→ **Task brief**
Line by line, copy the entries exactly, excluding the pictures.

Dataset records

+-------+

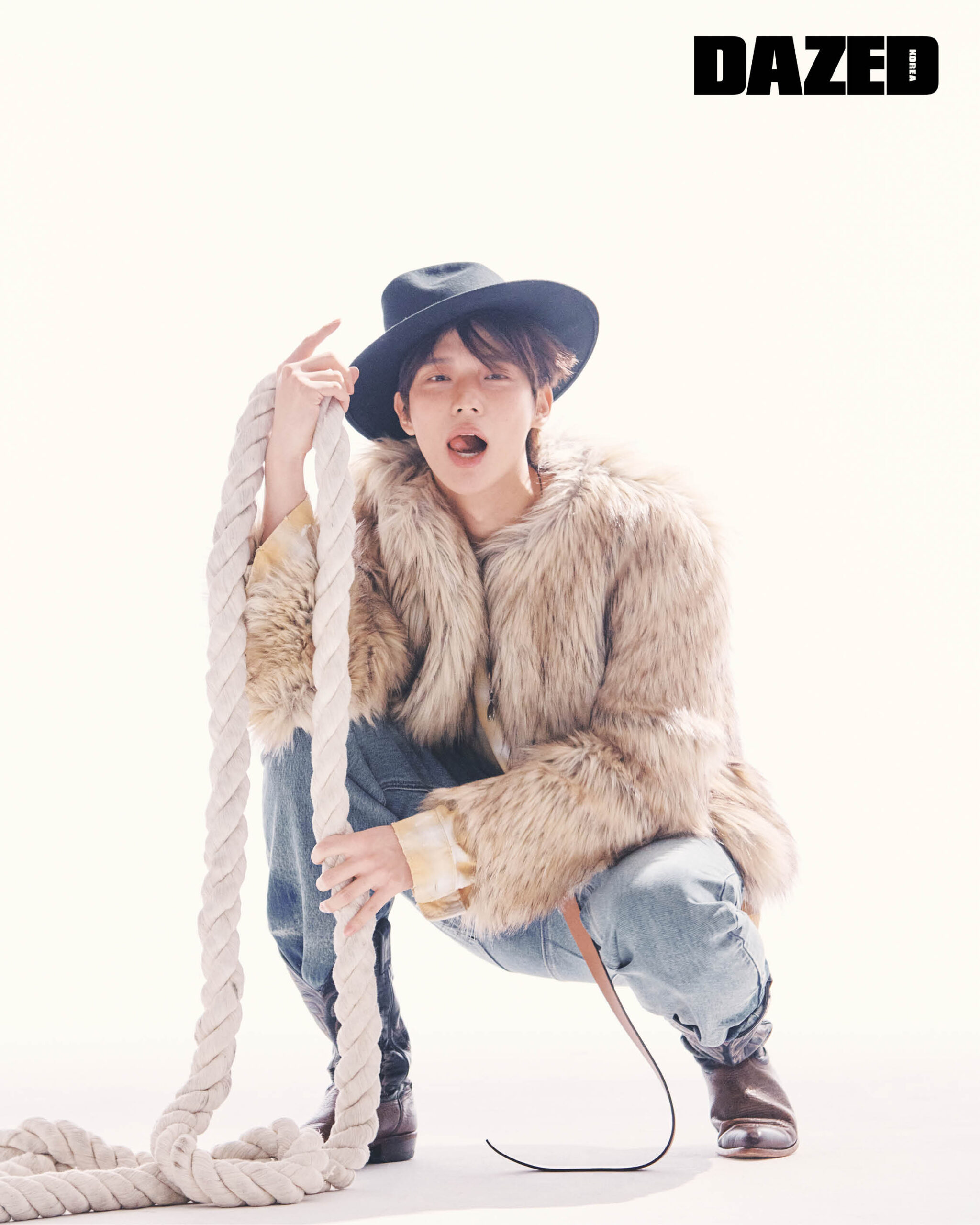 퍼 재킷은 무라(Murra), 옐로 체크 셔츠는 홈리스(Hommless), 데님 팬츠는 앤더슨벨(Andersson Bell), 페도라는 브라운햇(Brown Hat), 로프 네크리스는 레인세인(P:ReinSein), 롱 드롭 벨트는 코치(Coach), 부츠는 스타일리스트의 것.
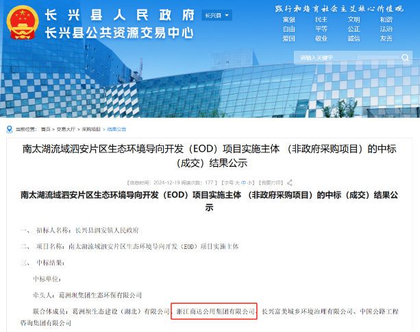 商達公用集團中標長興南太湖流域泗安片區(qū)生態(tài)環(huán)境導(dǎo)向開發(fā)(EOD)項目
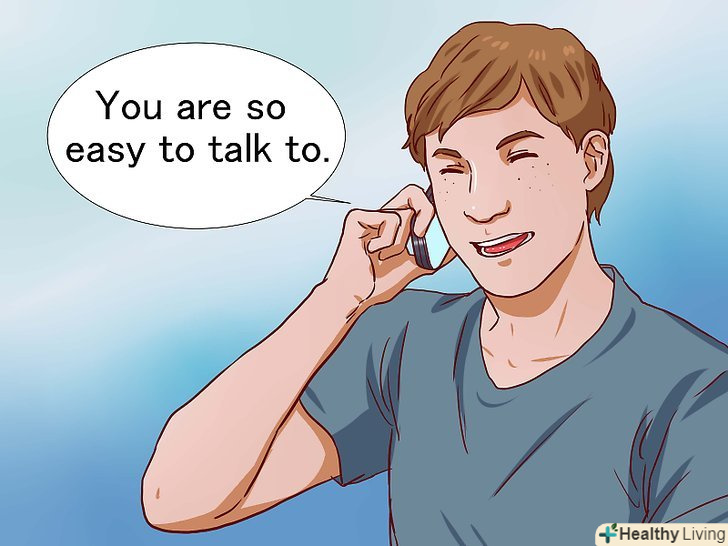 Змусьте її посміхнутися при прощанні.Скажіть щось приємне перед тим, як покласти трубку. Розкажіть жарт, назвіть її прізвиськом, яке їй подобається, або зробіть їй комплімент.- поки, красуня!
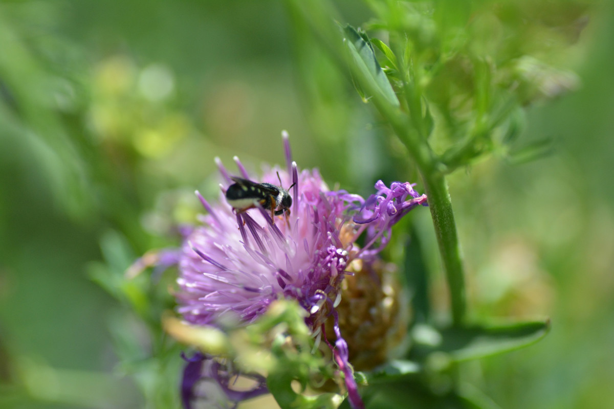 Besonders seltene Arten wie die Östliche Zwergwollbiene (Pseudoanthidium nanum) profitieren von der Blütenvielfalt.
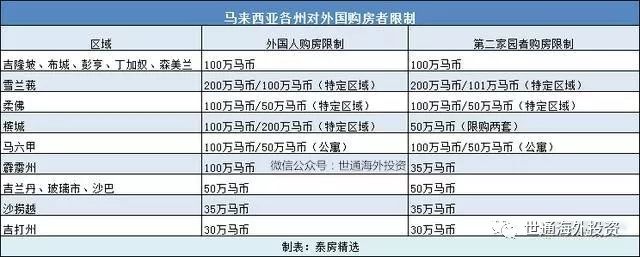 针对外国人购房政策上,政府要求外国购房者只能购买100万马币(约人民币165万元)以上的房产,但各州对此政策的底线要求不一,具体见下表。

+-------+

→ **Answer**
 퍼 재킷은 무라(Murra), 옐로 체크 셔츠는 홈리스(Hommless), 데님 팬츠는 앤더슨벨(Andersson Bell), 페도라는 브라운햇(Brown Hat), 로프 네크리스는 레인세인(P:ReinSein), 롱 드롭 벨트는 코치(Coach), 부츠는 스타일리스트의 것.
 商達公用集團中標長興南太湖流域泗安片區(qū)生態(tài)環(huán)境導(dǎo)向開發(fā)(EOD)項目
 Змусьте її посміхнутися при прощанні.Скажіть щось приємне перед тим, як покласти трубку. Розкажіть жарт, назвіть її прізвиськом, яке їй подобається, або зробіть їй комплімент.- поки, красуня!
 Besonders seltene Arten wie die Östliche Zwergwollbiene (Pseudoanthidium nanum) profitieren von der Blütenvielfalt.
 针对外国人购房政策上,政府要求外国购房者只能购买100万马币(约人民币165万元)以上的房产,但各州对此政策的底线要求不一,具体见下表。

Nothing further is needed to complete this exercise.